Re: eh_abort_handler implementations

Mike Christie <michaelc@xxxxxxxxxxx> · Sun, 23 Jun 2013 15:59:14 -0500

On 06/12/2013 05:28 AM, Hannes Reinecke wrote:
> Hi all,
> 
> as you might know, I'm trying to revamp the eh_abort_handler
> implementation by sending command aborts directly whenever
> the timeout triggers, without entering SCSI EH.
> 
> So, during testing where the remote port is disabled I've seen this:
> 
> [  864.734937] qla2xxx [0000:41:00.0]-8802:1: Aborting from RISC
> nexus=1:0:0 sp=ffff880225b0dd40 cmd=ffff8802248d76c0
> [  864.737274] qla2xxx [0000:41:00.0]-1800:1: Entered
> qla2x00_mailbox_command.
> [  864.738720] qla2xxx [0000:41:00.0]-1806:1: Prepare to issue mbox
> cmd=0x54.
> [  864.740268] qla2xxx [0000:41:00.0]-180f:1: Going to unlock irq &
> waiting for interrupts. jiffies=100022781.
> [  864.740574] qla2xxx [0000:41:00.0]-1814:1: Cmd=54 completed.
> [  864.740596] qla2xxx [0000:41:00.0]-3822:1: FCP command status:
> 0x5-0x0 (0x80000) nexus=1:0:0 portid=691400 oxid=0x38e
> cdb=28000000000000000800 len=0x1000 rsp_info=0x0 resid=0x0 fw_resid=0x0.
> [  864.740608] qla2xxx [0000:41:00.0]-1821:1: Done
> qla2x00_mailbox_command.
> [  864.740615] qla2xxx [0000:41:00.0]-8804:1: Abort command mbx
> success cmd=ffff8802248d76c0.
> [  864.740631] qla2xxx [0000:41:00.0]-801c:1: Abort command issued
> nexus=1:0:0 --  2002.
> 
> Again, the port is disabled, so the TMF _cannot_ be received by the
> remote port, let alone processed.
> But still the command abort is processed correctly and the command
> is returned to the upper layers.
> So with the current thinking the command abort was successful, and
> EH would exit, as the remote port was assumed to be working.
> But most evidently the remote port is _still_ not reachable, so the
> TMF _should_ have returned 'FAILED'.
> At least that's what we expect.
> But it looks as if this expectation is slightly skewed, as most
> likely a successful ABORT TASK TMF just means that the command was
> terminated, not that the remote port itself was working.
> 
> If _that_ should be the case it looks as if we _always_ should be
> issuing a RESET LUN TMF whenever command aborts have been processed.
> Would that be correct?
> 

I am not sure if I understand the question.
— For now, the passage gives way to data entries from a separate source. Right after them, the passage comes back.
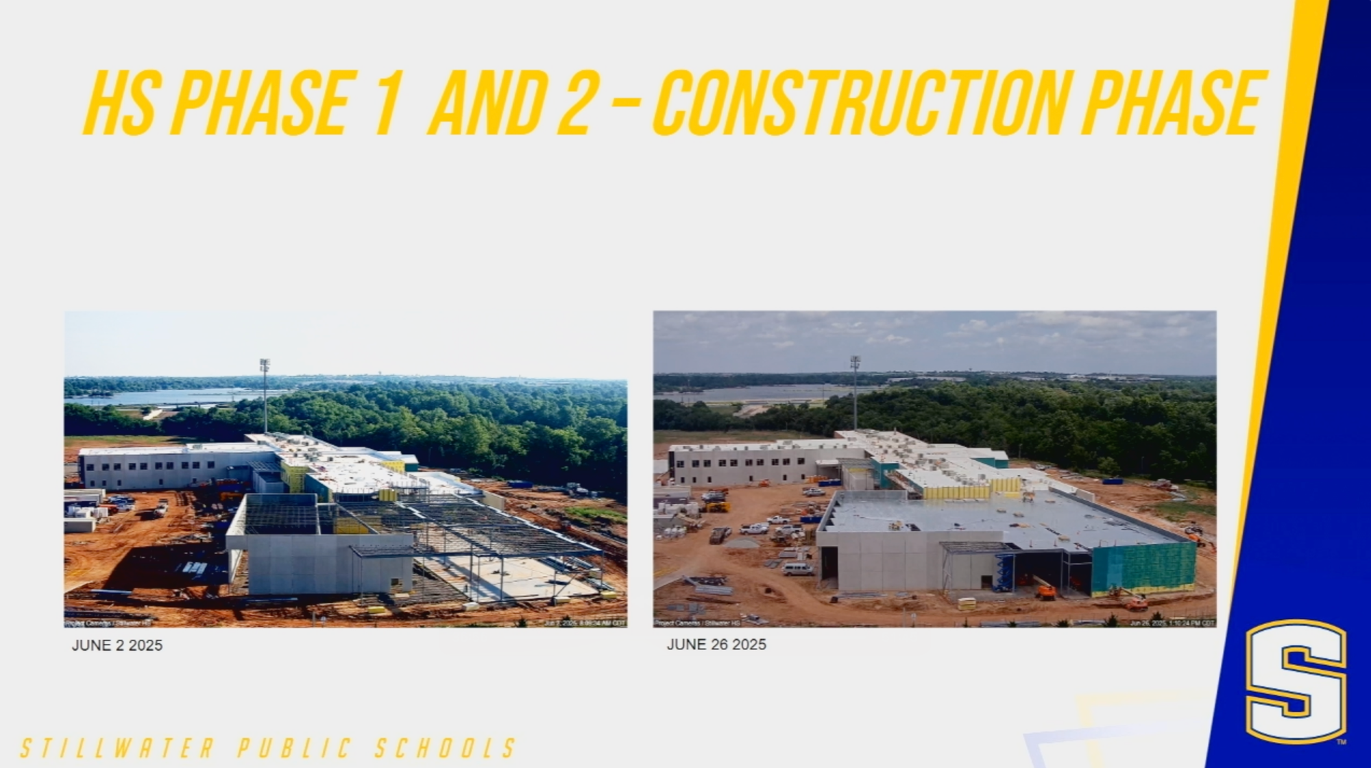 Construction Manager Brian Thomas provided an update on the new high school project, reporting that Phase 1 construction remains on schedule for completion in May 2026. The north wing may be ready for a temporary certificate of occupancy as early as November or December, allowing furniture installation before final completion.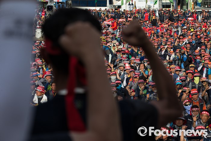 (서울=포커스뉴스) 6일 오후 서울 중구 서울시청광장에서 열린 '건설노동자 총력투쟁 결의대회'에 참석한 조합원들이 안전한 건설현장을 촉구하며 구호를 외치고 있다.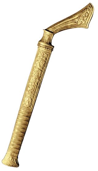 Еще более разнообразны рукояти. Самыми распространенными являются рукояти в виде головы зверей и птиц, которые могут быть очень натуралистичными, а чаще настолько стилизованными, что почти нельзя определить, что они собой представляют.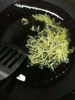 锅下油,姜蒜爆香,下肉丝翻炒至八分熟,起锅备用。

For the iscsi drivers, when
the port is down we will return failed from the abort and lun reset
handler handler. The eh will then escalate and in the target reset
handler we will then wait for a successful reconnection/relogin or for
the replacement/recovery (like the dev_loss or fast io fail) to fire.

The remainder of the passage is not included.